Бюргеры всячески старались поддержать друг друга в решении терпеливо ждать. Они уже стали привыкать к шуму на улице, который нарастал, стихал, прекращался и начинался снова. Все немного поуспокоились, стали устраиваться поудобнее, кое-кто уже сидел в нижних рядах амфитеатра и на стульях.
В предприимчивых бюргерах начала пробуждаться потребность действовать, то тут, то там уже слышались разговоры о делах; в каком-то углу даже приступили к заключению сделок. Маклеры подсели к оптовикам. Все запертые здесь господа теперь болтали друг с другом, как люди, которые, пережидая сильную грозу, говорят о посторонних вещах и лишь изредка с робкой почтительностью прислушиваются к раскатам грома.
Пробило пять, потом половина шестого; наступили сумерки. Изредка кто-нибудь вдруг вздыхал: дома жена дожидается с кофе, – и тогда г-н Бентьен позволял себе напомнить о чердачном окне.

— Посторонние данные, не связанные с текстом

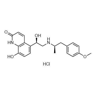 Carmoterol hydrochloride is a highly potent, selective and long-acting β2-adrenoceptor agonist with the pEC50 of 10.19. Carmoterol has 53 times higher affinity for the β2-adrenoceptors than for the β1-adrenoceptors. Carmoterol hydrochloride can be used for the research of asthma and chronic obstructive pulmonary disease (COPD)[1][2].
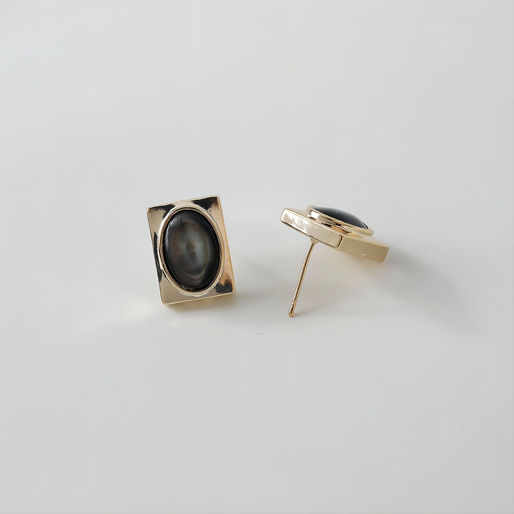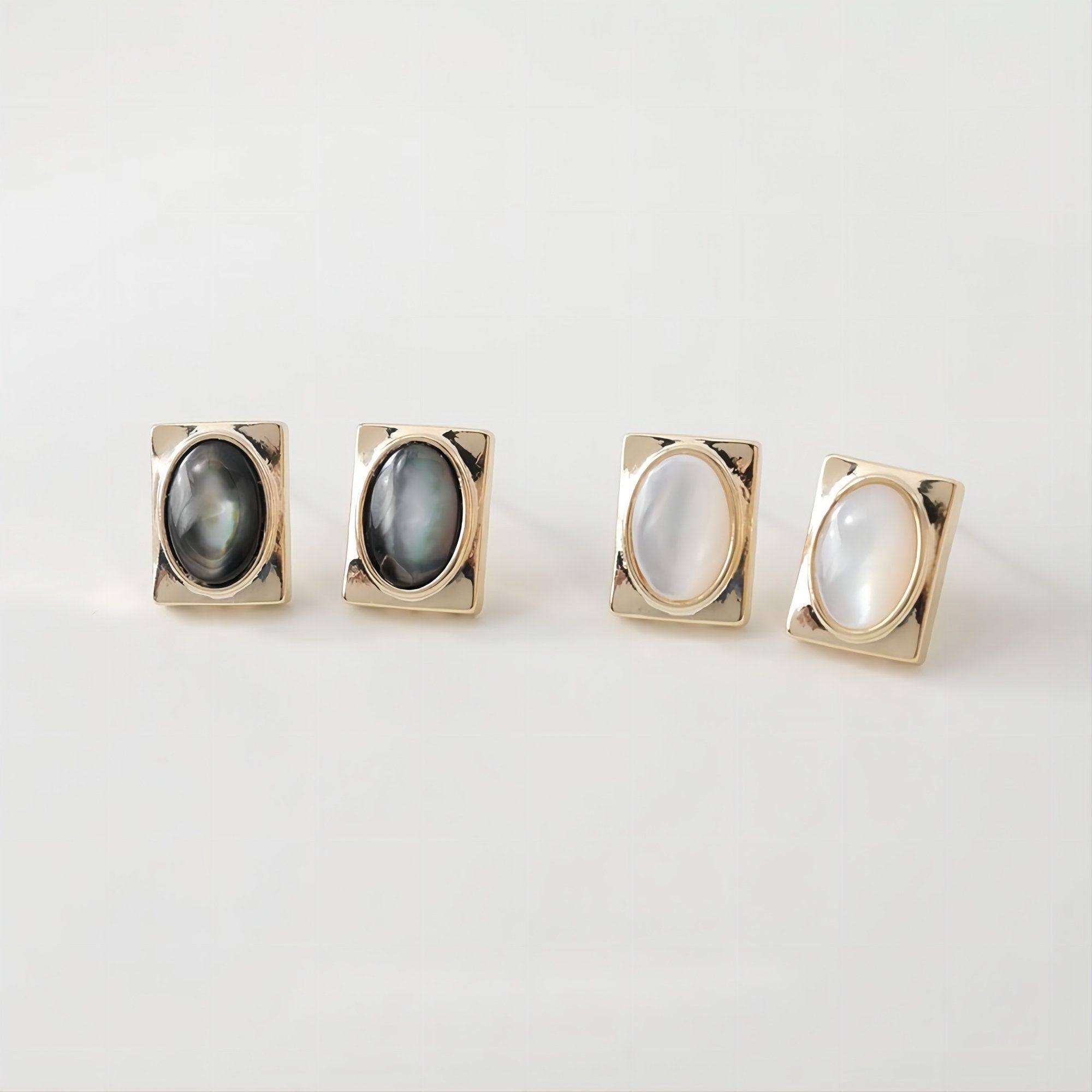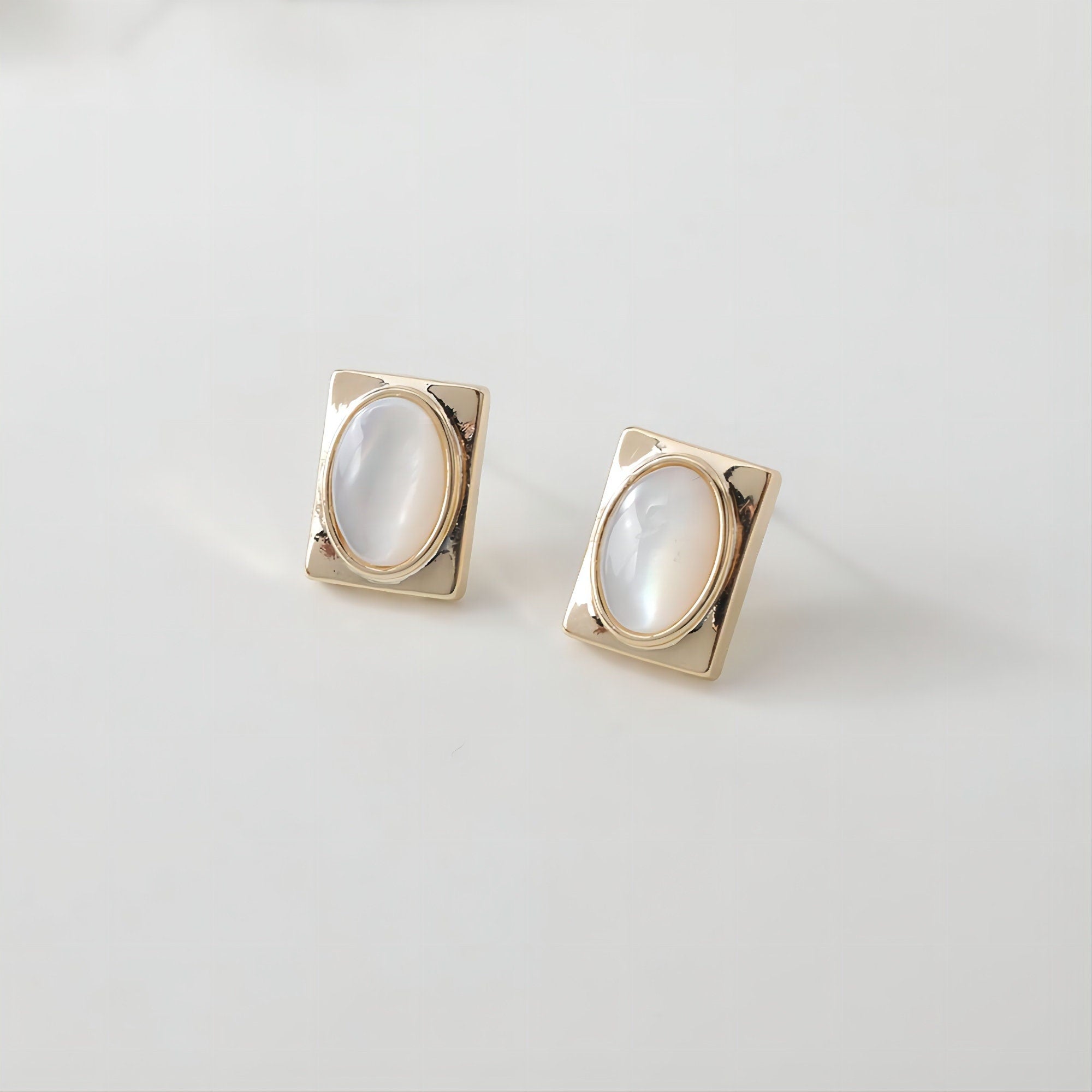 Rectangular Shell Ear Post With Loop, S925 Silver Ear Pin Nickel Free, Gold/Silver Ear Stud, Hypoallergenic Earring Findings GS002

Но большинство придерживалось в этом вопросе мнения г-на Штута, который, грустно покачав головой, объявил:
– Что касается меня, то я для этого слишком толст!
Иоганн Будденброк, памятуя просьбу жены, пробрался к тестю и спросил, озабоченно глядя на него:
– Надеюсь, отец, вы не слишком близко приняли к сердцу это маленькое приключение?
Консул встревожился, увидев, что на лбу Лебрехта Крегера под коком белоснежных волос вздулись две голубоватые жилы; одна рука старика, тонкая и аристократическая, теребила отливающие всеми цветами радуги пуговицы на жилете, другая, украшенная брильянтовым перстнем и лежавшая на коленях, дрожала мелкой дрожью.
– Пустое, Будденброк, – проговорил он с какой-то бесконечной усталостью. – Мне скучно, вот и все! – Но тут же сам изобличил себя во лжи, процедив сквозь зубы: – Parbleu, Жан! Этих грязных оборванцев следовало бы с помощью пороха и свинца обучить почтительному обращению… Мразь! Сброд!..
Консул успокоительно забормотал:
– Да, да!.. Вы правы, это довольно-таки недостойная комедия… Но что поделаешь? Приходится и виду не подавать. Уже стемнело. Они скоро разойдутся…
– Где мой экипаж?.. Пусть мне немедленно подадут экипаж! – вдруг, выйдя из себя, крикнул Лебрехт Крегер; его ярость прорвалась наружу, он дрожал всем телом. – Я приказал подать его к пяти часам! Где он?.. Заседание не состоялось… Что мне здесь делать? Я не позволю себя дурачить!.. Мне нужен экипаж!.. Они еще, чего доброго, напали на моего кучера? Подите узнайте, в чем дело, Будденброк!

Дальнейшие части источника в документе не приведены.